180 RNA-seq data collected from 93 tumor samples of OS patients and 9 RNA-Seq data obtained from 3 adjacent normal bone tissue samples were used to conduct transcript reconstruction. Raw data were quality-controlled and cleaned by FastQC v0.11.9 and TrimGalore v0.6.560,61. In our pipeline, we applied two series of widely used approaches (Route 1 and Route 2) for genome mapping and transcript assembling to obtain accurate and consistent RNA transcript assemblies. The pipeline for transcripts reconstruction is shown in Supplementary Fig S5. STAR v2.7.5a was utilized in Route 1 to map the cleaned RNA-Seq reads to human reference genome GRCh38, followed by transcripts assembling through Cufflinks v2.2.123,62,63. We also employed Cuffmerge to merge all of the transcript assemblies to integrated files for the OS and normal control RNA-Seq data, respectively. In Route 2, we used HISAT2 v2.2.0 for reads mapping and StringTie v2.1.2 for assembly reconstruction64. To ensure the reconstructed transcript assemblies were expressed in OS or normal tissues, only the assemblies with expression levels in fragments per kilobase million (FPKM) larger than one were selected for downstream analysis.

The expressed RNA transcript assemblies were compared with known human genome annotations by Cuffcompare, such as ENSEMBL and NCBI RefSeq23,65. Only the transcript assemblies longer than 200 nt with Cuffcompare generated class codes of ‘U’, ‘I’, ‘O’, and ‘X’ were selected as lncRNA candidates. ‘U’ stands for unknown intergenic transcripts, ‘I’ indicates that the transcripts fall entirely within a reference intron, ‘O’ stands for generic exonic overlap with reference transcripts, and ‘X’ stands for exonic overlap with reference transcripts on the opposite strand (Supplementary Fig S10). The reason we selected transcripts with these codes is that in the GENCODE database most of the lncRNAs are located within the intergenic and protein-coding intronic regions, and the rest of the lncRNAs are overlapped with protein-coding exons on either the same or opposite strand11. We also used the CD-HIT program to filter out transcript assemblies that exist in the NONCODE Human database and the transcripts from normal control with 80% identity43,66. We conducted filtration with the NONCODE database because it contains lncRNAs obtained from literature mining but may not be verified by GENCODE or NCBI RefSeq yet.

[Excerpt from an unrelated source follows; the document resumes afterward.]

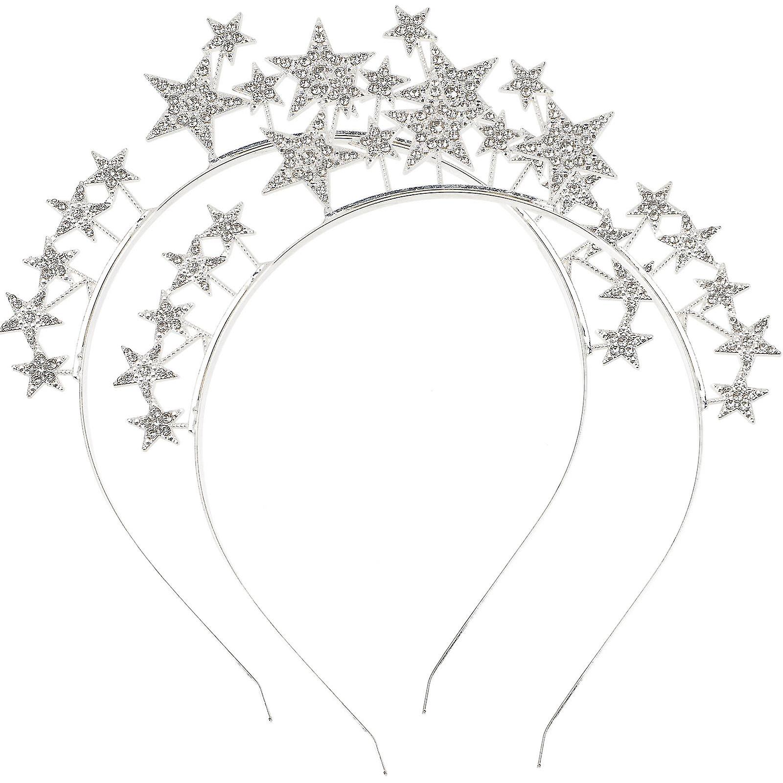 2pcs Kids Pentagram Shaped Metal Hair Hoops Glitter Hair Ornament Star Headbands
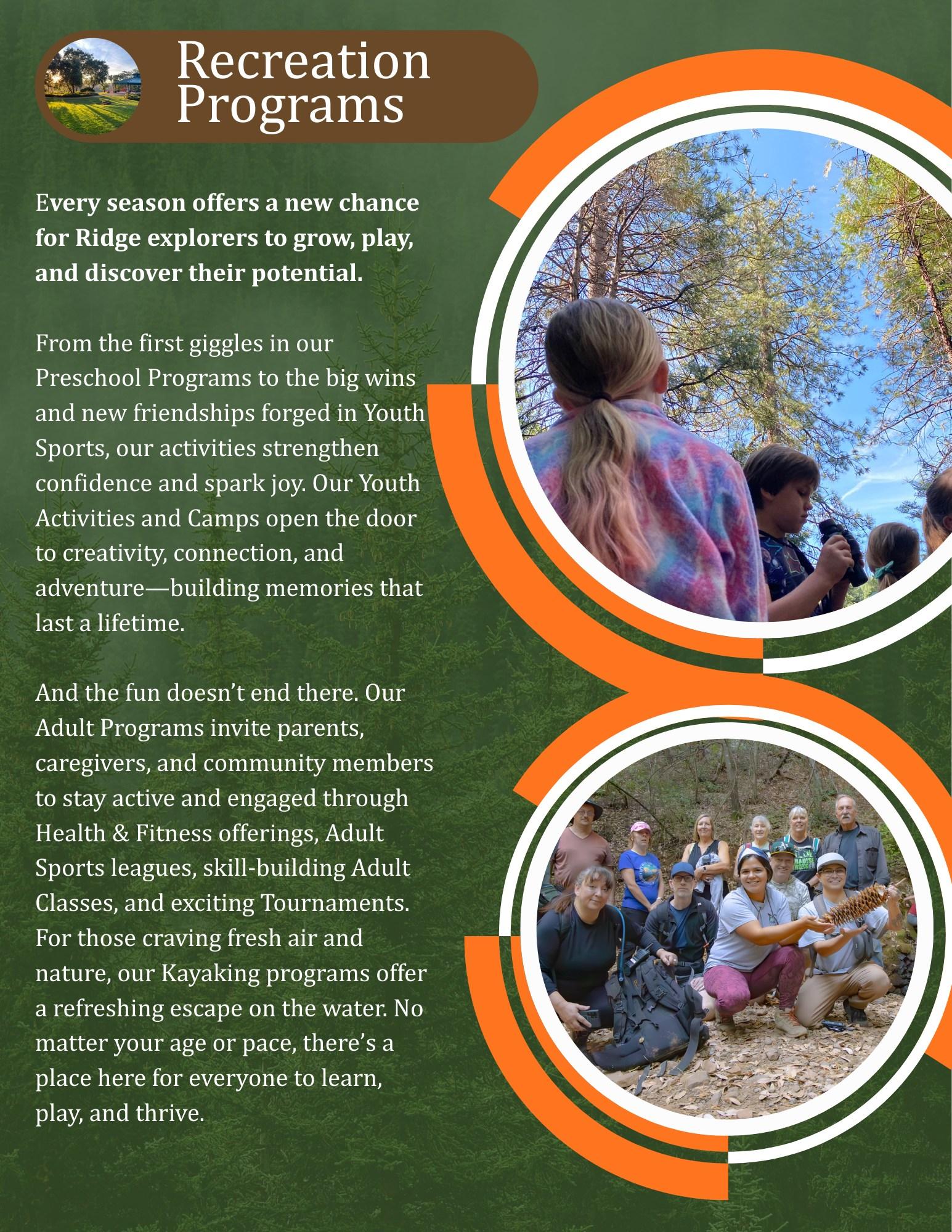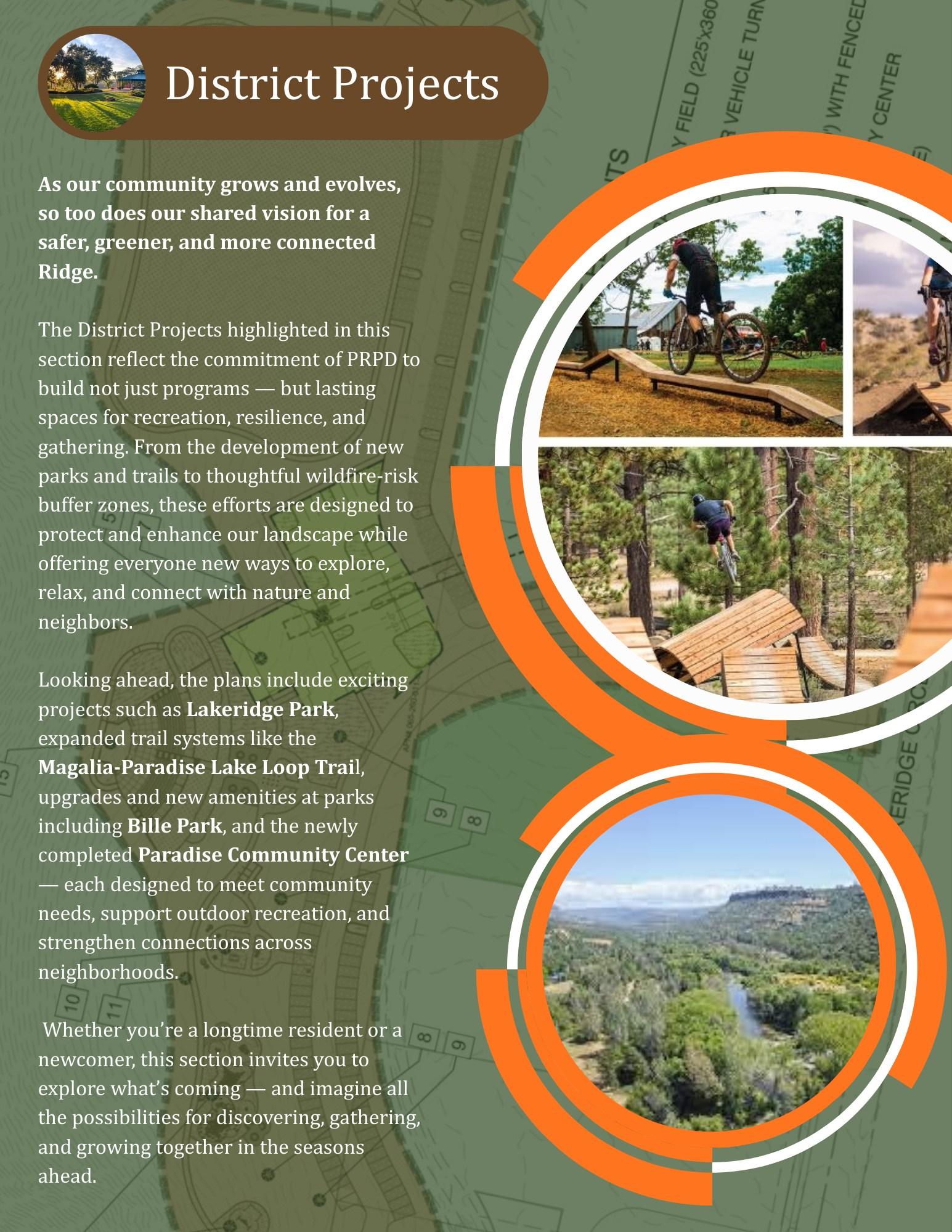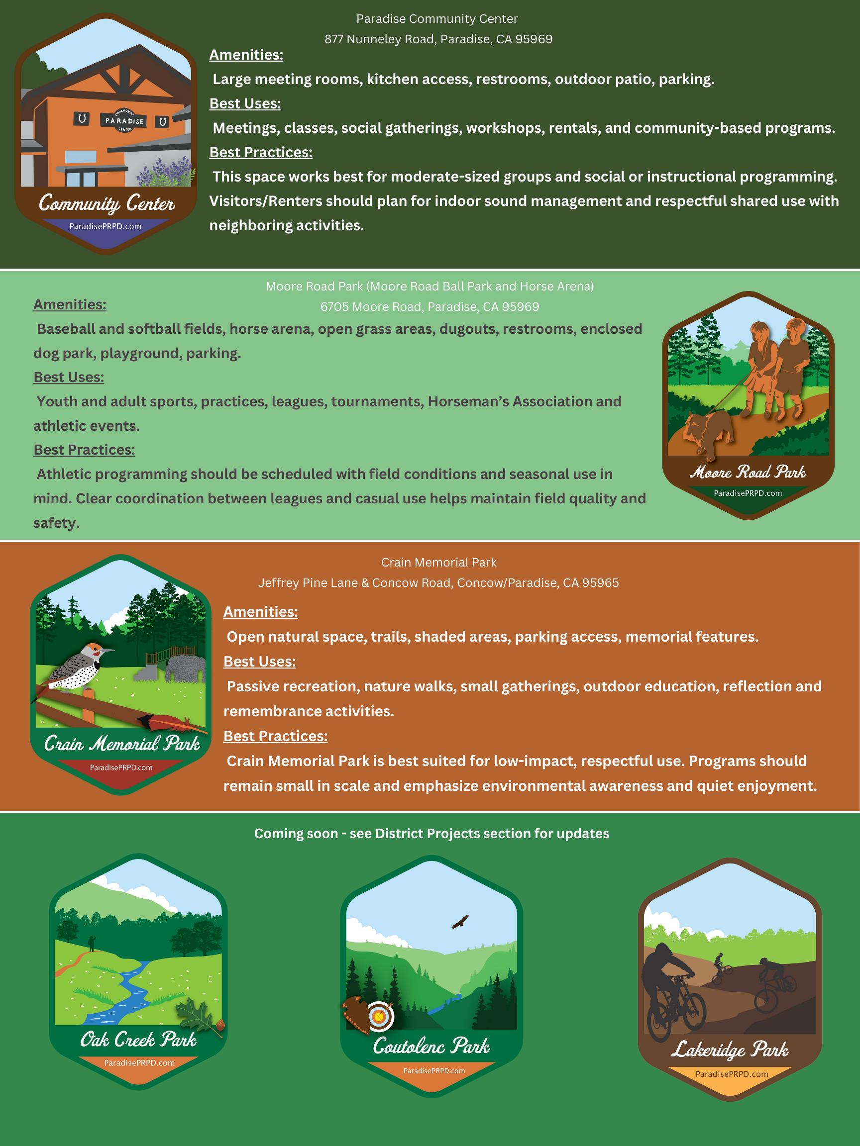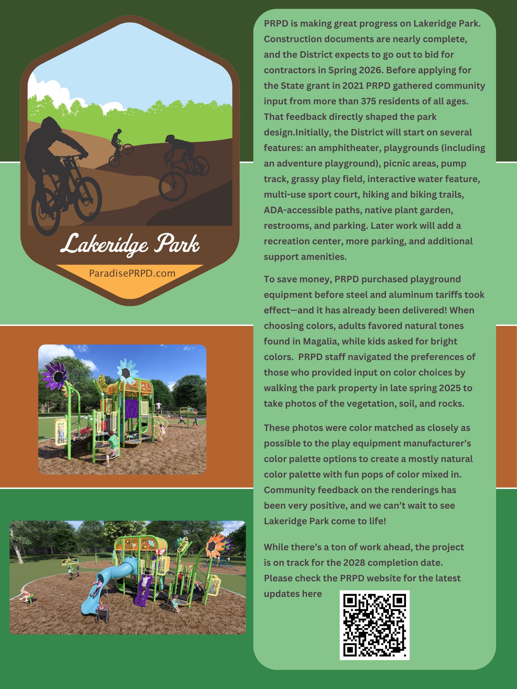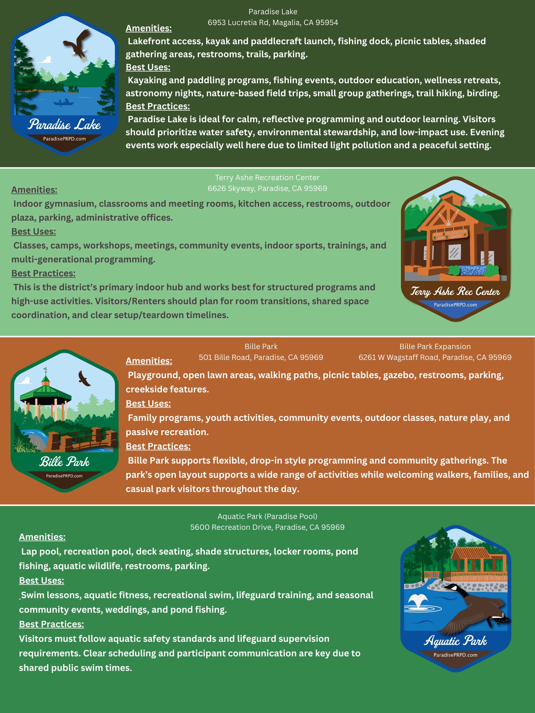 We are also hopeful to complete in time for pool season the new aquatic recreation center at the Paradise Pool, and we just got the keys and our team planning events and classes at the Paradise Community Center. If all goes well, we should begin accepting rentals in summer 2026. Behind the scenes, a long season of planning will transform new facilities, with work starting this summer at Lakeridge, Bille Park, and a new play structure at Moore Road. Please check in with us as progress continues and plans come more into focus.

Cufflinks and StringTie were reported to reconstruct many transcript assemblies with a single exon, and most of them are false positives67. We removed those transcripts assemblies that only have a single exon to avoid having a large number of false positives in the candidates. Moreover, only the candidate transcript assemblies with the same positions along chromosomes obtained by both Route 1 and Route 2 were kept as high-confidence candidates and fed to LncDC for downstream identification of OS-specific novel lncRNAs.